# Disk usage



## balanga (Mar 14, 2017)

Is there any way of determining disk usage of a given disk without having access to the file system? I'm trying to find out how much free space is available on a disk.

I guess I'm looking for something equivalent to `du /dev/ada0`...


----------



## SirDice (Mar 14, 2017)

There's no way to know how much is used if you cannot access the filesystem. It's the filesystem that stores that information.


----------



## balanga (Mar 14, 2017)

I thought there might be some way to read each sector on a disk and determine if it had been written to at some point...


----------



## SirDice (Mar 14, 2017)

Sure, you could theoretically just read some blocks and interpret the data. But it'll be easier just to mount it.


----------



## Beastie (Mar 14, 2017)

balanga said:


> I thought there might be some way to read each sector on a disk and determine if it had been written to at some point...

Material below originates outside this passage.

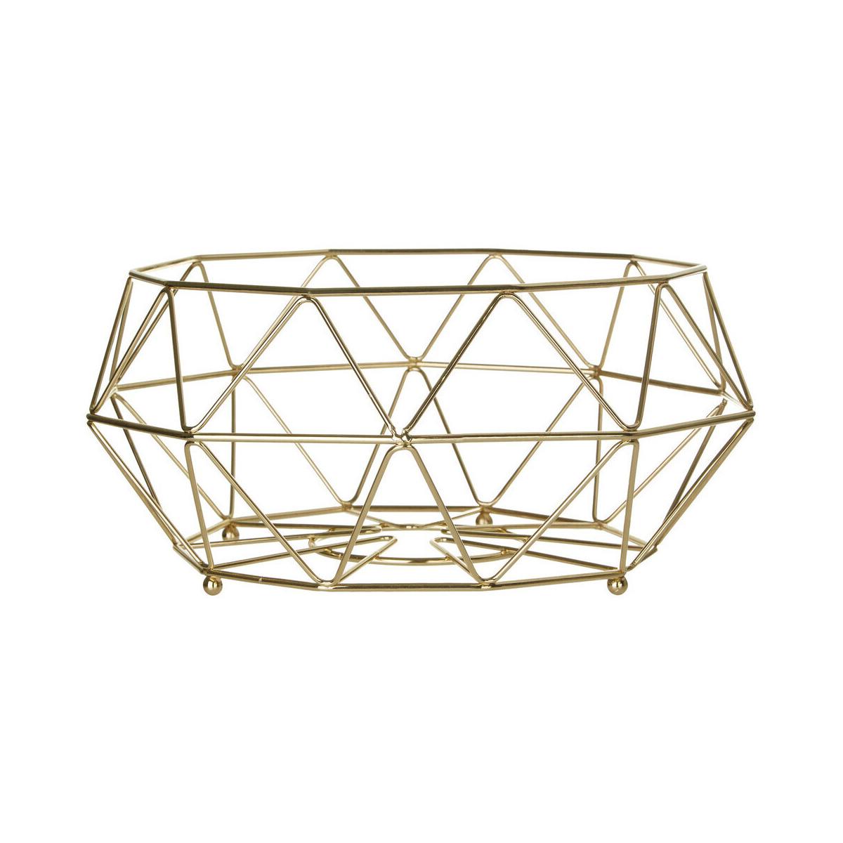 Made from strong iron, this fruit basket's minimalist wireframe construction benefits from a warm gold finish. Its geometric design results in two layers of triangles which combine to form a polygonal bowl shape. The tapered design allows it to hold fruit securely. Small rounded feet raise it from the surface of the table or worktop.

Considering that, most of the time, removing a file won't zeroize sectors that were once allocated to that file, this method may give you highly erroneous results. For example, if I fill an entire disk with millions of files and then remove them all, analyzing the disk as a raw device and looking for blank sectors will show zero free space.
Only proper analysis of filesystem structures will give you valid results.


----------



## SirDice (Mar 14, 2017)

Beastie said:


> For example, if I fill an entire disk with millions of files and then remove them all, analyzing the disk as a raw device and looking for blank sectors will show zero free space.


You typically read the FAT (File Allocation Table) or BAM (Block Availability Map), not the actual blocks.


----------